20. Integrative Analysis : Across Platforms

Datatypes: Methylation data and expression data

20.1. Scope

  • For some patients (samples) R2 is hosting multiple types of measurements within the platform.
  • Merging gene expression and methylation data.
  • The Tumor Neuroblastoma - Lavarino - 23 - rma_sketch - u219 and Tumor Neuroblastoma - Lavarino - 41 - custom - ilmnhm450 datasets will be used for this tutorial.
  • Find correlations between methylated sites within a gene and gene expression

20.2. Step 1: Choosing a combined dataset

  1. From R2’s perspective, an analysis in which multiple datatypes will be combined is an ‘across datasets’ analysis. Therefore, we need to select this from the main page in box 1.

  2. The easiest example of a combined analysis would be to simply plot the contents of 2 different types within a single plot. To do this, we select ‘view a gene in 2 datatypes’ and click ‘next’.

  3. Since R2 needs to be instructed that overlapping samples may be identified, we create so called collections, which list datasets with overlapping patients. In this tutorial, we will make use of a public cohort where both mRNA gene expression as well as Illumina 450k methylation bead chip data is available. Select “neuroblastoma_gse54721” from the collection and click ‘next’.

  4. Within the current screen you are able to select 2 datatypes to plot against each other. In the current example, only mRNA (Tumor Neuroblastoma - Lavarino - 23 - rma_sketch - u219) and Methylation (Tumor Neuroblastoma - Lavarino - 41 - custom - ilmnhm450) data is available, and within this collection only 1 option can be selected. Select the 2 datasets to combine in the pulldowns and type behind the dataset names ‘DDX1’ in the methylation data box and ‘MYCN’ in the expression data box and click next. R2 will automatically identify overlapping samples within the current selection and create ‘subsets’ for both datasets to only allow the overlapping samples for the plot. From the perspective of both datasets we can now select the reporter to represent the gene(s) that we indicated on the previous page. For now we will keep the preselected reporters. Furthermore, we can select the transformation for both datasets and continue to the actual plot. Click ‘next’ to advance to the image.

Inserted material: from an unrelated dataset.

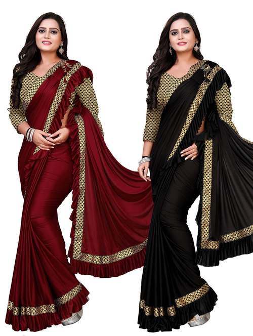 3Buddy Fashion Solid Plain Lace Border Daily Wear Party wear Wedding Wear casual wear festive wear bollywood new collection latest design trendy women's saree/sari will be a perfect addition to your ethnic collection. This Saree made with Lycra Fabric wit
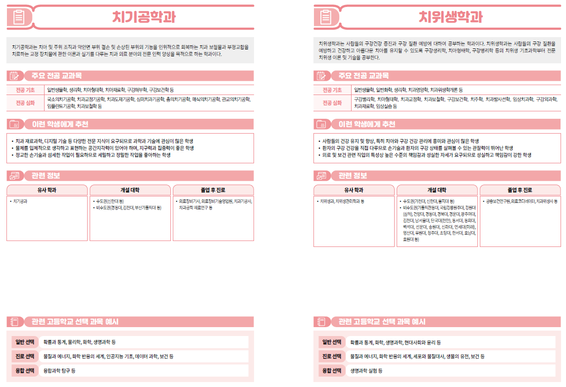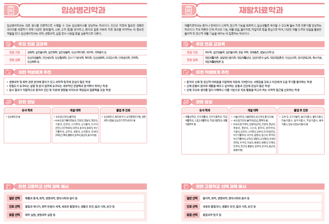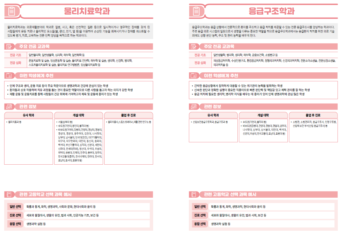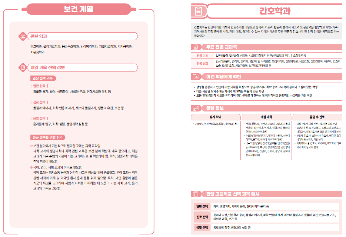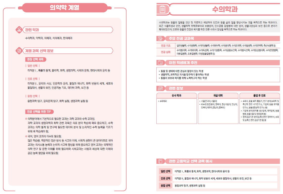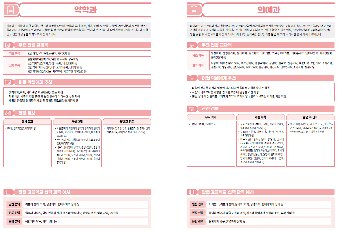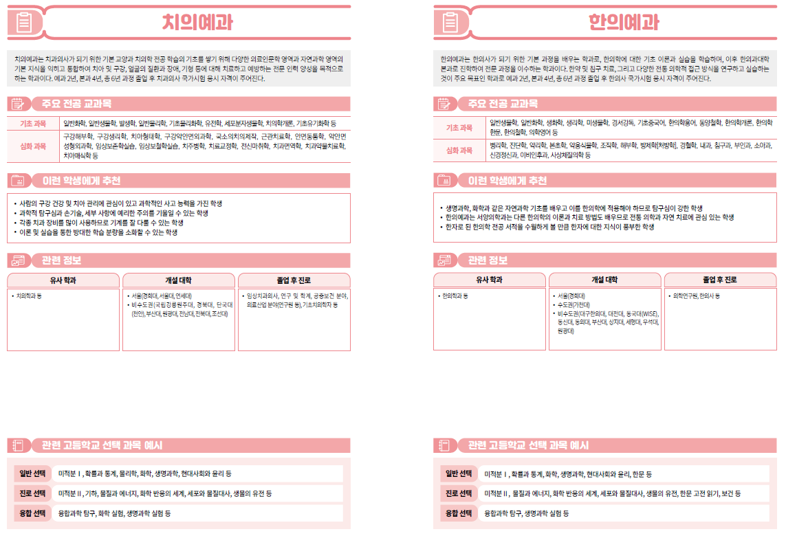 2022개정 고등학교 선택과목 의대,약대,보건계열-의대,치대,한의대,수의학,약학, 간호,물리치료,응급구조,임상병리,재활치료,치기공,치위생

  5. R2 has generated a XY-plot with the MYCN expression values on the Y-axis against the methylation ratios on the the X-axis (Figure 1) with the combined annotation of both datasets. Annotation is being merged on the basis of the name of a track. In a perfect setting this would never result in conflicting data, however sometimes it may happen that the different datasets contain a different annotation. In that situation, R2 will concatenate both values by a semicolon and thus create a new group identifier. If there is an obvious mistake in one of the datasets, then we appreciate a message to R2-support@amc.uva.nl on this, so that we can correct it accordingly.

    _images/IntgrAnalysis_methexpr_viewagene.png

    Figure 1: XY-plot Methylation versus expression

  6. Both sides of the image represent the signals from both dataset perspectives. The image displays the correlation between the 2 datatypes for those patients that were represented in both data sets. In this example plot we observe two main groups, to gain more insight in possible characteristics for the observed groups, we can adapt the visualization in a couple of ways. We can annotate the graph with a track distinction and color all of the circles accordingly. To achieve this, simply select ‘color by track’ and select at track for color “mycn_status” to be used for the coloring (Figure 1b) and click “Adjust Settings:. Once redrawn, this will also add ‘boxplot’ representations on the sides of the image to represent the signals from both dataset perspectives.

  7. Alternatively, we can also represent the image as a ‘YY’ plot, where multiple annotations will be represented underneath the image. In the adjustable settings menu, select ‘yy’ plot and click adjust able settings. (Figure 2).

    _images/IntgrAnalysis_methexpr_YY.png

    Figure 2: XY-plot Methylation versus expression

  8. As is customary for a methylation array, multiple reporters are represented around a gene. It could be of interest to inspect the methylation pattern for the other reporters of a gene. To visualize this information, we leave the current analysis by a right mouse click on ‘Go to main’ (upper left corner). In box 2 click ‘change dataset’ , select methylation data and the Tumor neuroblastoma Lavarino dataset (Figure 3). Type ‘DDX1’ in box 4 click next. Leave the settings at their default and click ‘next’.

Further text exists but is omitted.